The present invention relates to a method for coloring photochromic glasses, and more particularly to a method for influencing the surface coloration induced in such glasses by heat treatment in a reducing environment.
Photochromic glasses may be generally characterized as glasses which darken upon exposure to actinic radiation, e.g., ultraviolet light, and which fade in color upon the removal of the activating light. Such glasses have been widely employed commercially in the manufacture of ophthalmic lens blanks which will darken under bright outdoor conditions and fade in shade or indoors. Sunglass lenses have also been made of photochromic glasses of this type.
All of the commercially important photochromic glasses are glasses which contain a precipitated microcrystalline silver halide phase as the reversibly darkenable phase which causes the darkening of the glass. U.S. Pat. No. 3,208,860 provides the basic description of this family of glasses. Subsequent work has resulted in the development of many new families of photochromic glasses exhibiting faster darkening and/or fading response. U.S. Pat. No. 4,190,451, for example, provides a description of significantly improved photochromic glasses of this type.
Silver halide-containing photochromic glasses which exhibit a desired fixed tint in the undarkened state have also been commercially successful. These include glasses containing conventional glass colorants, as well as glasses wherein coloration is imparted not by the inclusion of glass colorants, but by treatment of the glass after manufacture with a coloring surface treatment. U.S. Pat. Nos. 3,892,582 and 3,920,463 disclose thermal reduction treatments useful for imparting yellow surface colors to photochromic glasses, while U.S. Pat. No. 4,240,836 describes a modified thermal reduction treatment which permits the development of a broad range of colors in this type of glass.
It is also known that red and yellow colors can be generated in the surfaces of certain alkali borosilicate glasses by so-called "staining" processes. U.S. Pat. No. 2,075,446, for example, teaches the such colors can be obtained by exchanging silver or copper ions for alkali metal ions in these glasses, followed by a thermal reduction post-treatment to develop the desired color. However, for these glasses, thermal reduction post-treatment are not effective to achieve other than yellow or amber colors in glasses which have been ion-exchanged with silver.
A coloration mechanism which has been postulated for the case of thermal reduction of photochromic glasses involves the growth of light-absorbing silver metal particles on or near the silver halide crystallites in the glass. Changes in the size and/or configuration of these particles may be responsible for the variations in coloration which are observed. In contrast, silver and/or copper "staining" coloration is attributed to precipitated metal particles alone.
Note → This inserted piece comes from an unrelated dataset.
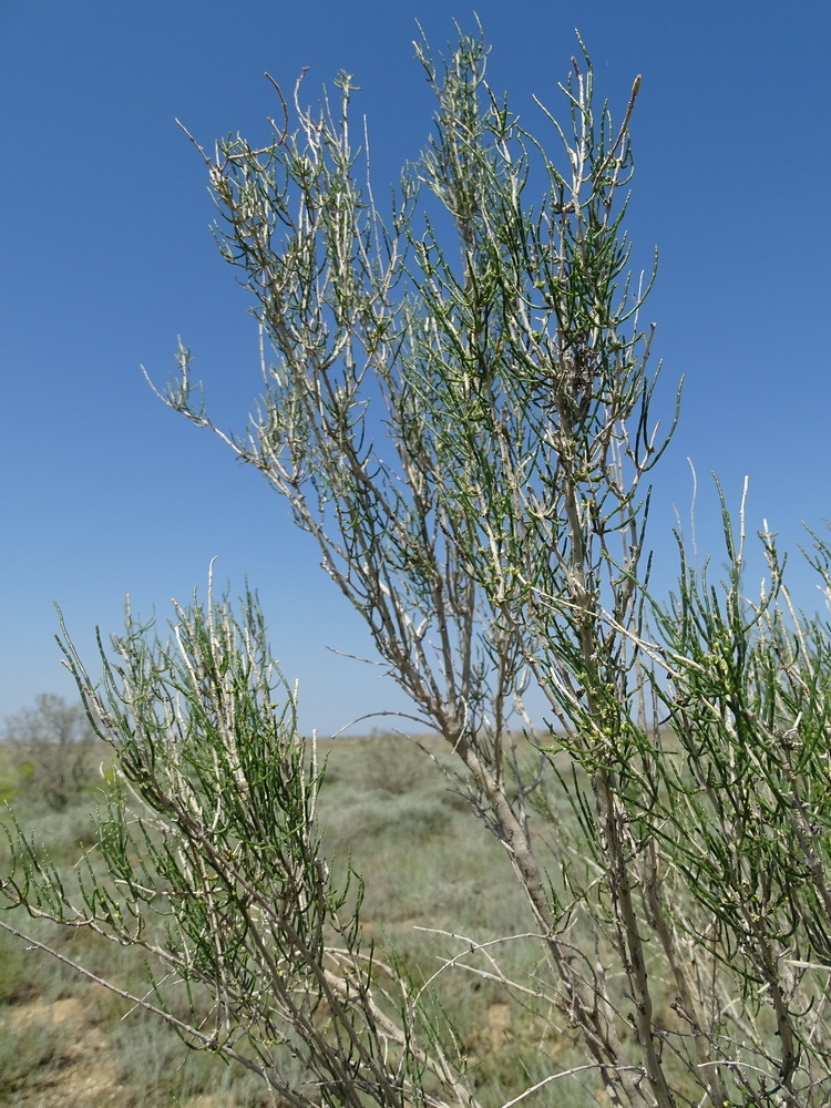 Саксаул зайсанский – это многолетний кустарник или дерево высотой до 2-5 метров, с серой корой и искривленными ветвями. Листья чешуевидные, редуцированные, и процесс фотосинтеза осуществляется зелеными, мясистыми побегами.

In U.S. Pat. No. 4,537,612, a method for helping to control the coloration induced in a silver halide-containing photochromic glass by a thermal reduction treatment is described. In that patent, a silver halide-containing photochromic glass to be colored is subjected to an alkali metal ion exchange treatment during which potassium and/or lithium ions in the glass are exchanged for sodium ions from a suitable ion source such as a sodium salt. This alkali metal ion exchange, whether conducted prior to or subsequent to the coloring thermal reduction treatment, somehow alters the absorption bands generated in the glass by the treatment. Frequently, the result is a desirable shift in absorption to somewhat longer wavelengths, so that colors not readily generated by thermal reduction treatments alone can be developed in certain glasses.
Unfortunately, ion exchange processes such as described in the above-mentioned patent have not been found effective to modify the coloration of some well known commercial photochromic glasses to a useful degree. In particular, Corning Code 8097 glass, a glass commercially sold under the trade name PHOTOGRAY, is only slightly affected by these ion-exchange treatments.
It is therefore a principal object of the present invention to provide a modified method for developing surface coloration in photochromic glasses which offers improved effectiveness for treatment of photochromic glasses resistant to thermal reduction coloration.
It is a further object of the invention to provide a method for surface-coloring photochromic glasses which offers additional control over the hue and depth of coloration achievable by the thermal reduction of such materials.
Other objects and advantages of the invention will become apparent from the following description thereof.